___ Information provided

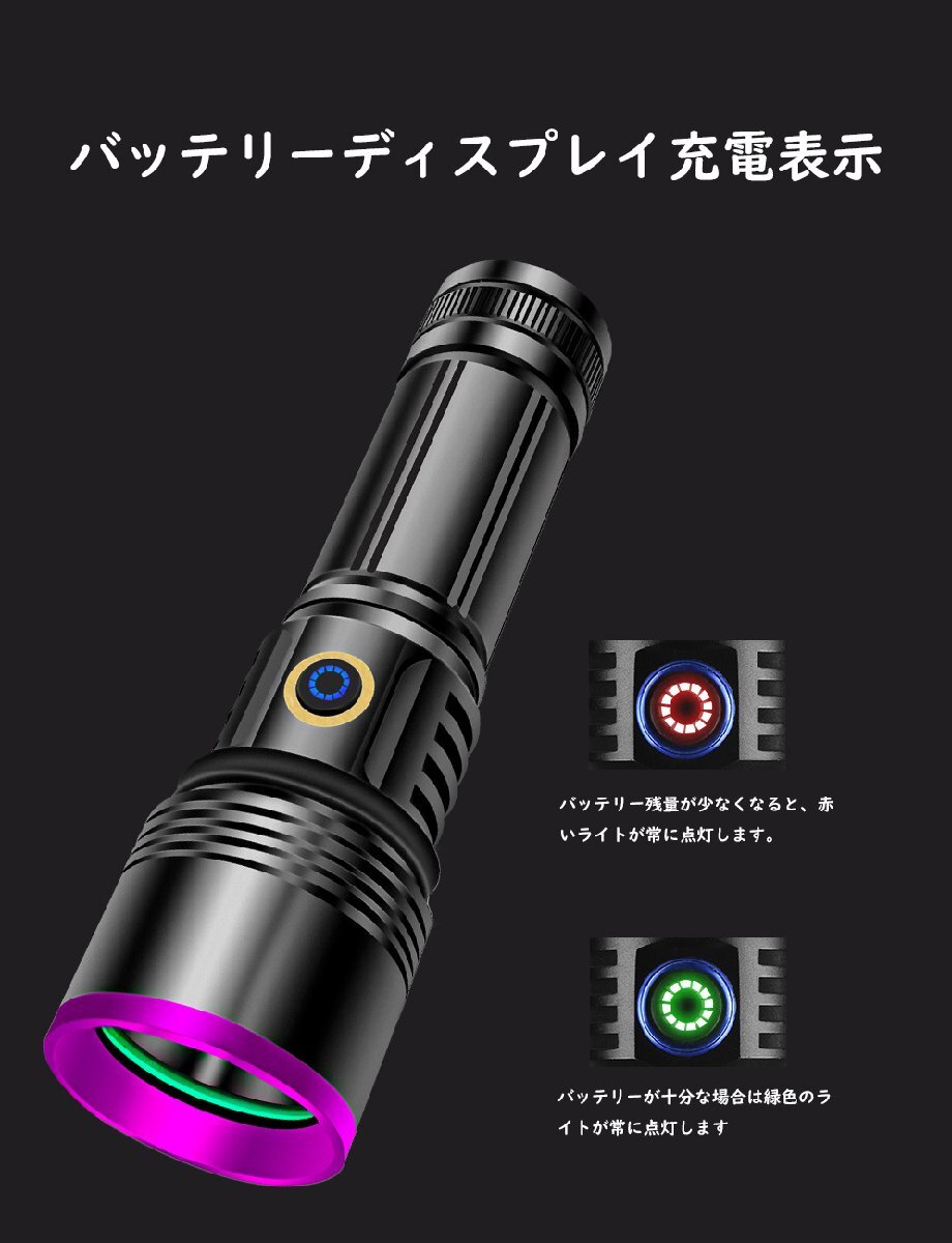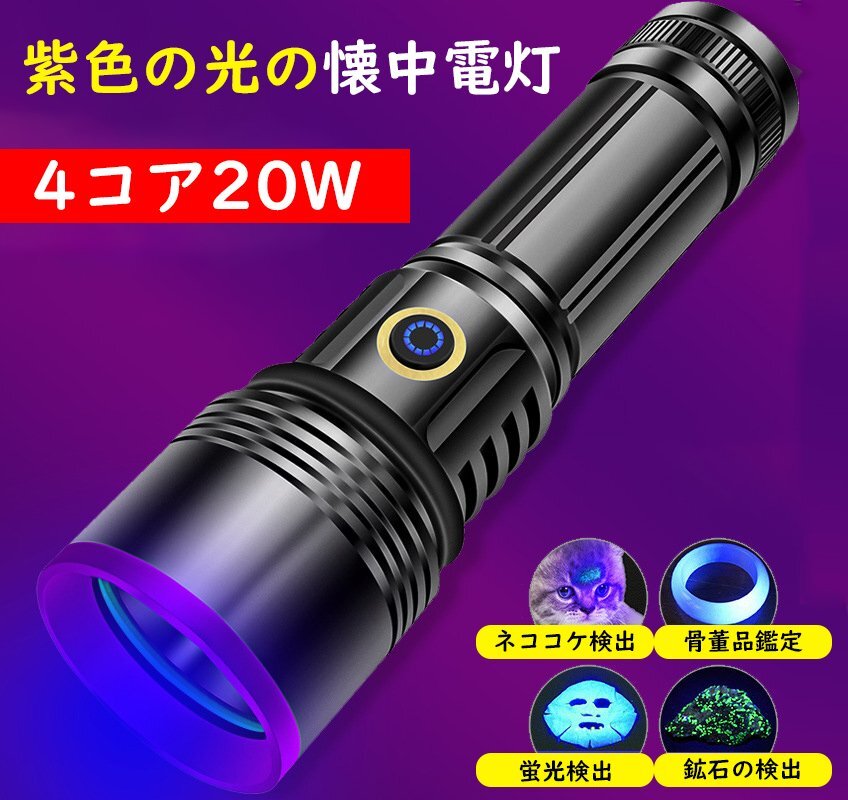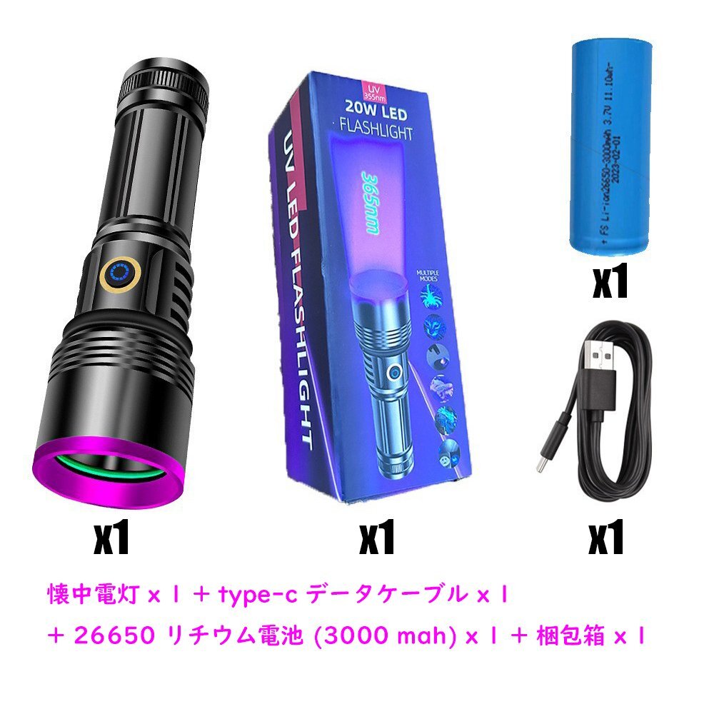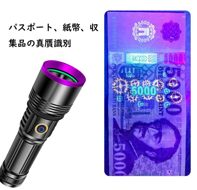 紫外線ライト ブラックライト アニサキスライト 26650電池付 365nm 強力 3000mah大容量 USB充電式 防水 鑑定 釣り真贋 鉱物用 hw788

______
___ Information provided

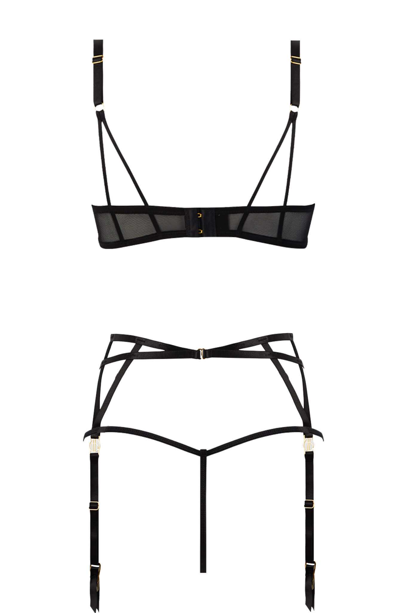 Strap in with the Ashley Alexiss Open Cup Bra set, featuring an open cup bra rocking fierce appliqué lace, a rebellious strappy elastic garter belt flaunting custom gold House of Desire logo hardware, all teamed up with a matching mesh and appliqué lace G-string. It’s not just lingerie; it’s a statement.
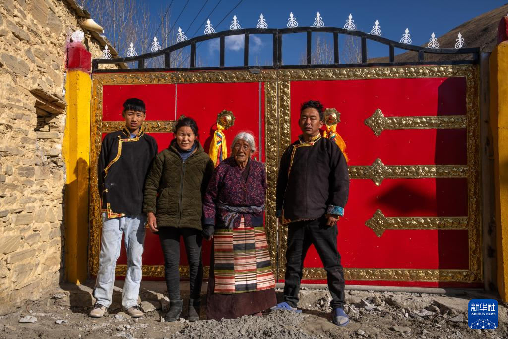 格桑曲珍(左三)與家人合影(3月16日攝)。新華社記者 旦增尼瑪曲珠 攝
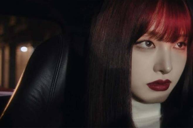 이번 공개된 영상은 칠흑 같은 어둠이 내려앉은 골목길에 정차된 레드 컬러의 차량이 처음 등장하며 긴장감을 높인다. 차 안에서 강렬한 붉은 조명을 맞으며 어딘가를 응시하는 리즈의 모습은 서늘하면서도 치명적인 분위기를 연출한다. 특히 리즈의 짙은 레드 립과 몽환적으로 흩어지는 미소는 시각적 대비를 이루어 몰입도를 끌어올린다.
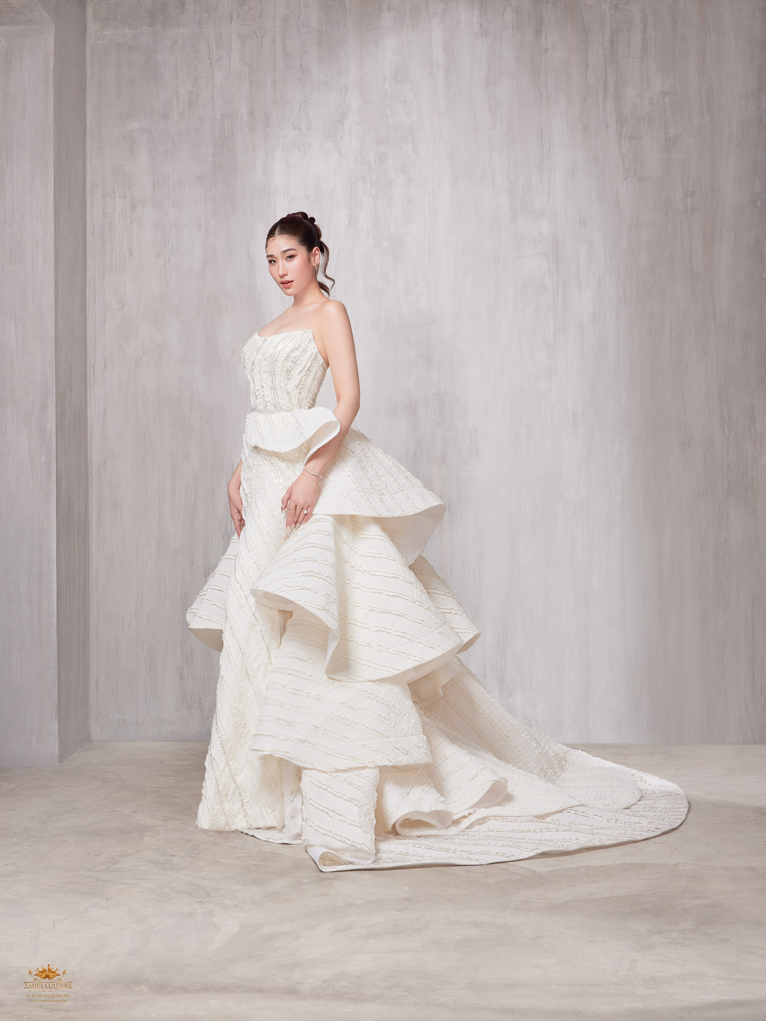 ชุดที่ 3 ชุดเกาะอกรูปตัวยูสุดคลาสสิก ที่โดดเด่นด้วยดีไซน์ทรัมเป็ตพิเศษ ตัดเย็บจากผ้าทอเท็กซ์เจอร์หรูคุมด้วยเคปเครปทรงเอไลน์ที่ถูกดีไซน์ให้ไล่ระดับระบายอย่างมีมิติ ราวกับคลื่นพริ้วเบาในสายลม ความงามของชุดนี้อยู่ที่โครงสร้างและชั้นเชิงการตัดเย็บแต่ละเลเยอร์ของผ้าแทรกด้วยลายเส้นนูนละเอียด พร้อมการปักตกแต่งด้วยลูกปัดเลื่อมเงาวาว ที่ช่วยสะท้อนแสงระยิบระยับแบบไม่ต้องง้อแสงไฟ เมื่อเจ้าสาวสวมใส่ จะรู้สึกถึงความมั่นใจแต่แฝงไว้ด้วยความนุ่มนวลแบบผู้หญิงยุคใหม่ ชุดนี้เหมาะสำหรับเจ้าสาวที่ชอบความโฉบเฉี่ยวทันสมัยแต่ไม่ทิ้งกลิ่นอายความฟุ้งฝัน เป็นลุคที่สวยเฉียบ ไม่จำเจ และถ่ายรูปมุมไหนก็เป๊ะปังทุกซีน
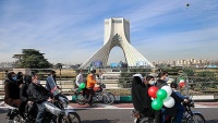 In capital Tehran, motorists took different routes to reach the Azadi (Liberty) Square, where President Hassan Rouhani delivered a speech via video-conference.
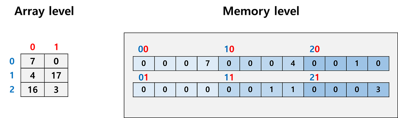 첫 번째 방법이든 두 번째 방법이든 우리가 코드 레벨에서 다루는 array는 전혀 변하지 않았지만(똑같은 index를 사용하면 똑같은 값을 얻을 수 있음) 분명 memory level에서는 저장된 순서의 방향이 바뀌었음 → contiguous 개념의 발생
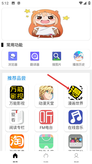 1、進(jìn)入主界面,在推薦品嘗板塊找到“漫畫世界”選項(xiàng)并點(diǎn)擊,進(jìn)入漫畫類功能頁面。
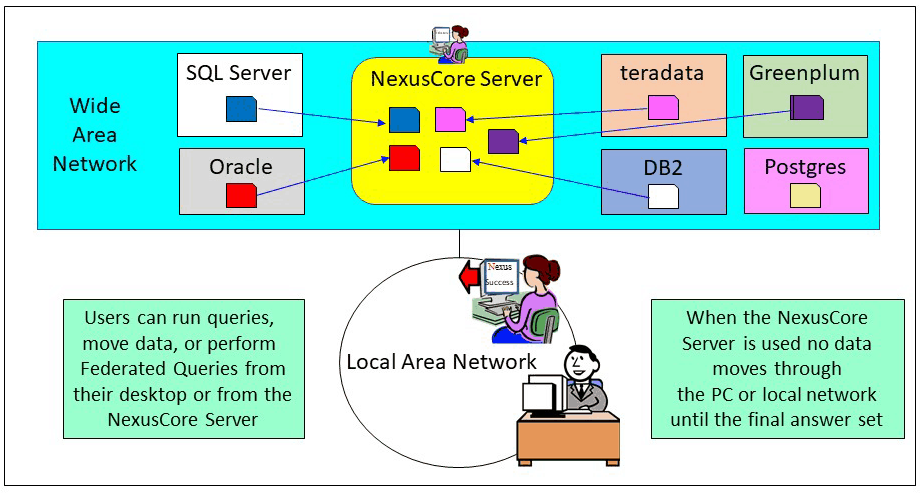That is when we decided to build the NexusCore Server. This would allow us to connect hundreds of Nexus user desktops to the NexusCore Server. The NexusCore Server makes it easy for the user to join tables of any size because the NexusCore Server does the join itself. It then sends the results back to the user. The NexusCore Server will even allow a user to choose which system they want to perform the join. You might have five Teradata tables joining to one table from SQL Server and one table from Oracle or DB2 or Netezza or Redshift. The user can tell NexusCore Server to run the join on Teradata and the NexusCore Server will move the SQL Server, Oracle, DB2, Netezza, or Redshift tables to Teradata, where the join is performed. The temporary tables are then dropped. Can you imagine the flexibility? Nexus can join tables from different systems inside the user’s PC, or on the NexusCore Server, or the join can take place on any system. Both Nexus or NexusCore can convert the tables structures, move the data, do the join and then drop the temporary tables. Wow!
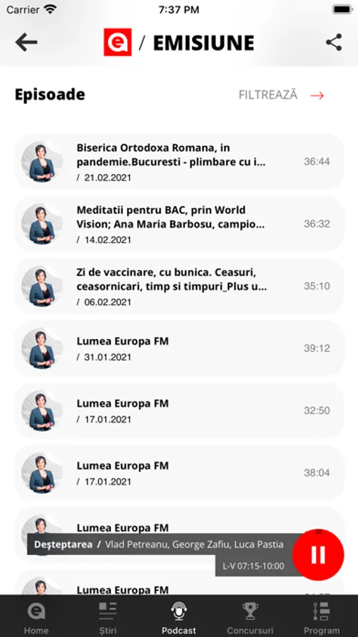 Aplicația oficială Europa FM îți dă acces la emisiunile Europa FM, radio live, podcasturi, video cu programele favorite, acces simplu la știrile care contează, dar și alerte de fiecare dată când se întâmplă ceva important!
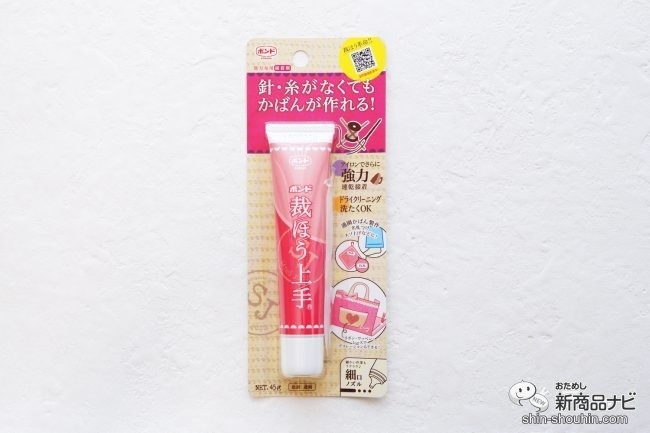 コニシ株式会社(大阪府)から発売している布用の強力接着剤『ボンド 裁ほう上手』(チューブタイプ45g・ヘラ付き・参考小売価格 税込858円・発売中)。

______

What the task requires: The answer must be the part of the records that opens with the line containing "Strap in with" and closes with the line containing "첫 번째 방법이든 두", reproduced exactly, with no pictures.

The completed task:
 Strap in with the Ashley Alexiss Open Cup Bra set, featuring an open cup bra rocking fierce appliqué lace, a rebellious strappy elastic garter belt flaunting custom gold House of Desire logo hardware, all teamed up with a matching mesh and appliqué lace G-string. It’s not just lingerie; it’s a statement.
 格桑曲珍(左三)與家人合影(3月16日攝)。新華社記者 旦增尼瑪曲珠 攝
 이번 공개된 영상은 칠흑 같은 어둠이 내려앉은 골목길에 정차된 레드 컬러의 차량이 처음 등장하며 긴장감을 높인다. 차 안에서 강렬한 붉은 조명을 맞으며 어딘가를 응시하는 리즈의 모습은 서늘하면서도 치명적인 분위기를 연출한다. 특히 리즈의 짙은 레드 립과 몽환적으로 흩어지는 미소는 시각적 대비를 이루어 몰입도를 끌어올린다.
 ชุดที่ 3 ชุดเกาะอกรูปตัวยูสุดคลาสสิก ที่โดดเด่นด้วยดีไซน์ทรัมเป็ตพิเศษ ตัดเย็บจากผ้าทอเท็กซ์เจอร์หรูคุมด้วยเคปเครปทรงเอไลน์ที่ถูกดีไซน์ให้ไล่ระดับระบายอย่างมีมิติ ราวกับคลื่นพริ้วเบาในสายลม ความงามของชุดนี้อยู่ที่โครงสร้างและชั้นเชิงการตัดเย็บแต่ละเลเยอร์ของผ้าแทรกด้วยลายเส้นนูนละเอียด พร้อมการปักตกแต่งด้วยลูกปัดเลื่อมเงาวาว ที่ช่วยสะท้อนแสงระยิบระยับแบบไม่ต้องง้อแสงไฟ เมื่อเจ้าสาวสวมใส่ จะรู้สึกถึงความมั่นใจแต่แฝงไว้ด้วยความนุ่มนวลแบบผู้หญิงยุคใหม่ ชุดนี้เหมาะสำหรับเจ้าสาวที่ชอบความโฉบเฉี่ยวทันสมัยแต่ไม่ทิ้งกลิ่นอายความฟุ้งฝัน เป็นลุคที่สวยเฉียบ ไม่จำเจ และถ่ายรูปมุมไหนก็เป๊ะปังทุกซีน
 In capital Tehran, motorists took different routes to reach the Azadi (Liberty) Square, where President Hassan Rouhani delivered a speech via video-conference.
 첫 번째 방법이든 두 번째 방법이든 우리가 코드 레벨에서 다루는 array는 전혀 변하지 않았지만(똑같은 index를 사용하면 똑같은 값을 얻을 수 있음) 분명 memory level에서는 저장된 순서의 방향이 바뀌었음 → contiguous 개념의 발생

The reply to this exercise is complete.